Data excerpts:

= Beginning of Section =

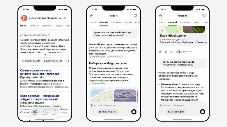 Переключение в диалоговый режим осуществляется через вкладку «Алиса AI», расположенную непосредственно под поисковой строкой. В основе функционала лежит продвинутая модель Alice AI LLM с сотнями миллиардов параметров, которая генерирует развернутые ответы с учетом локальной специфики и культурного контекста. В этом режиме пользователи могут уточнять детали, создавать контент, а также загружать файлы и изображения для анализа. История взаимодействий сохраняется, позволяя в любой момент вернуться к обсуждению начатой темы.
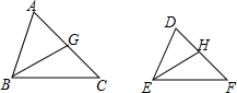 已知,△ABC∽△DEF,BG、EH分别是△ABC和△DEF的角平分线,BC=6cm,EF=4cm,BG=4.8cm.求EH的长.
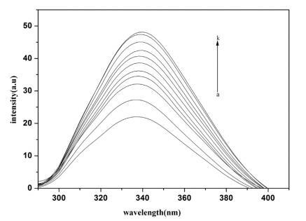 圖 3. 不存在和存在 16-E2-16 時(shí) Hb (5 μM) 的熒光光譜。 這 16-E2-16 (ak) 的濃度為 0, 0.39, 0.76, 1.13, 1.48, 1.81, 2.14, 2.45, 2.75, 3.05 和 3.33 μM。
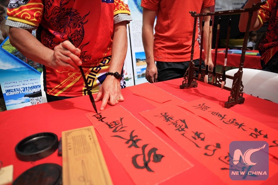 A Chinese calligraphy artist writes at the 2019 National Multicultural Festival in Canberra, Australia, Feb. 16, 2019. (Xinhua/Pan Xiangyue)
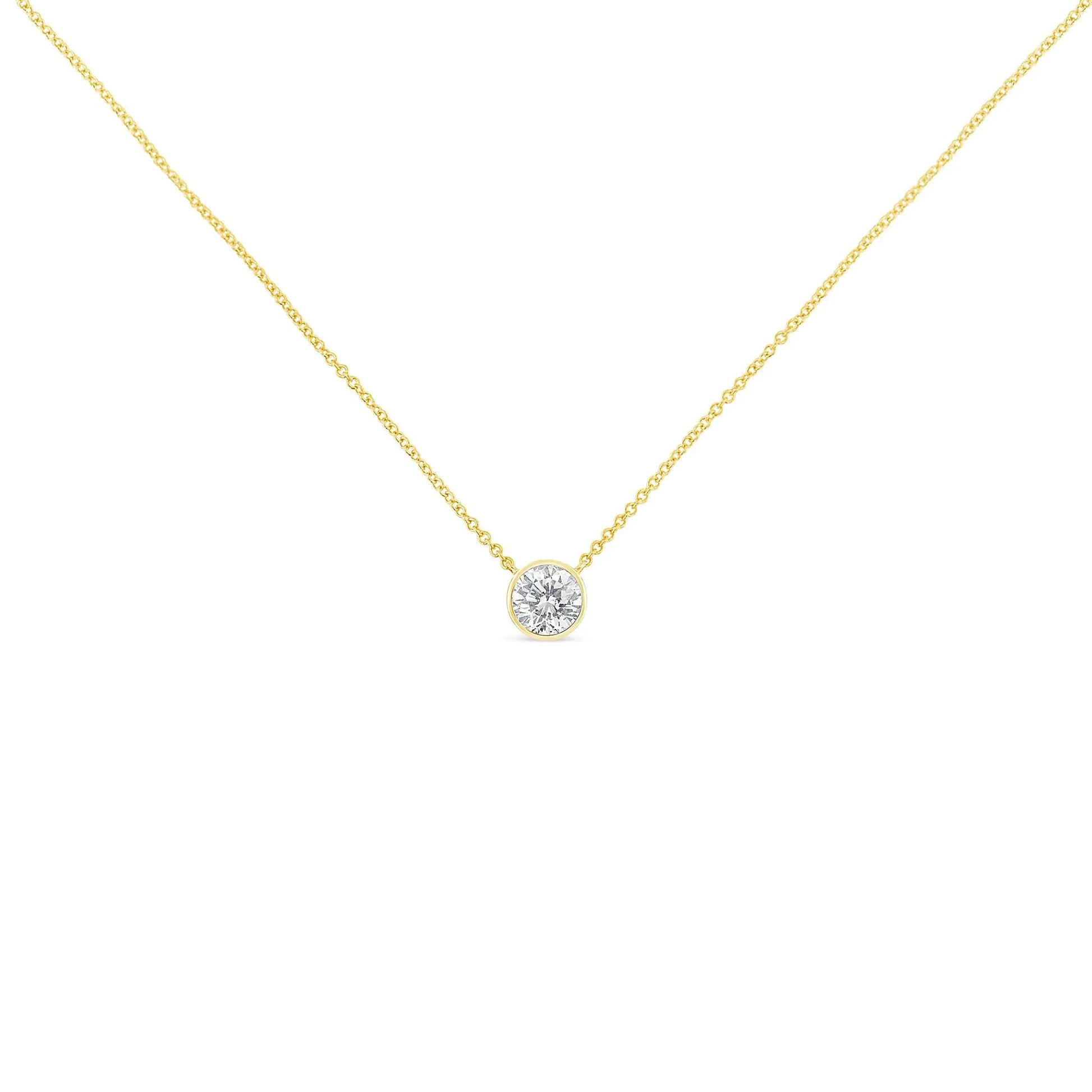 10K Yellow Gold 1/5 Carat Round Brilliant-Cut Diamond Modern Bezel-Set Solitaire 16"-18" Pendant Necklace (H-I Color, SI2-I1 Clarity)
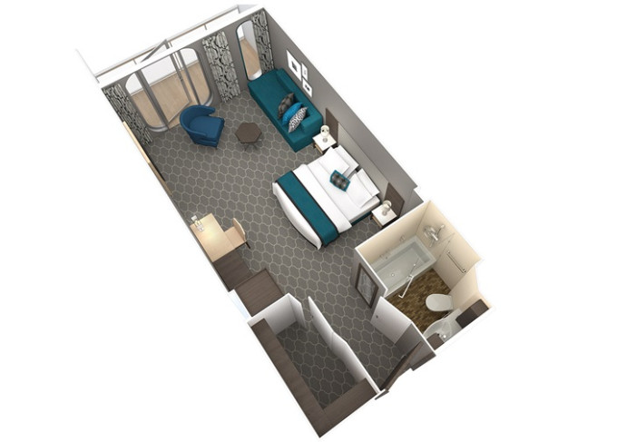 3D - Kajuta s balkónom 17 m² + balkón 4,5 m². 6. až 14. paluba. Max 2 osoby. 3 572 € 893 € za osobu

= End of Section =

Drop the images and transcribe the entries above exactly.

 Переключение в диалоговый режим осуществляется через вкладку «Алиса AI», расположенную непосредственно под поисковой строкой. В основе функционала лежит продвинутая модель Alice AI LLM с сотнями миллиардов параметров, которая генерирует развернутые ответы с учетом локальной специфики и культурного контекста. В этом режиме пользователи могут уточнять детали, создавать контент, а также загружать файлы и изображения для анализа. История взаимодействий сохраняется, позволяя в любой момент вернуться к обсуждению начатой темы.
 已知,△ABC∽△DEF,BG、EH分别是△ABC和△DEF的角平分线,BC=6cm,EF=4cm,BG=4.8cm.求EH的长.
 圖 3. 不存在和存在 16-E2-16 時(shí) Hb (5 μM) 的熒光光譜。 這 16-E2-16 (ak) 的濃度為 0, 0.39, 0.76, 1.13, 1.48, 1.81, 2.14, 2.45, 2.75, 3.05 和 3.33 μM。
 A Chinese calligraphy artist writes at the 2019 National Multicultural Festival in Canberra, Australia, Feb. 16, 2019. (Xinhua/Pan Xiangyue)
 10K Yellow Gold 1/5 Carat Round Brilliant-Cut Diamond Modern Bezel-Set Solitaire 16"-18" Pendant Necklace (H-I Color, SI2-I1 Clarity)
 3D - Kajuta s balkónom 17 m² + balkón 4,5 m². 6. až 14. paluba. Max 2 osoby. 3 572 € 893 € za osobu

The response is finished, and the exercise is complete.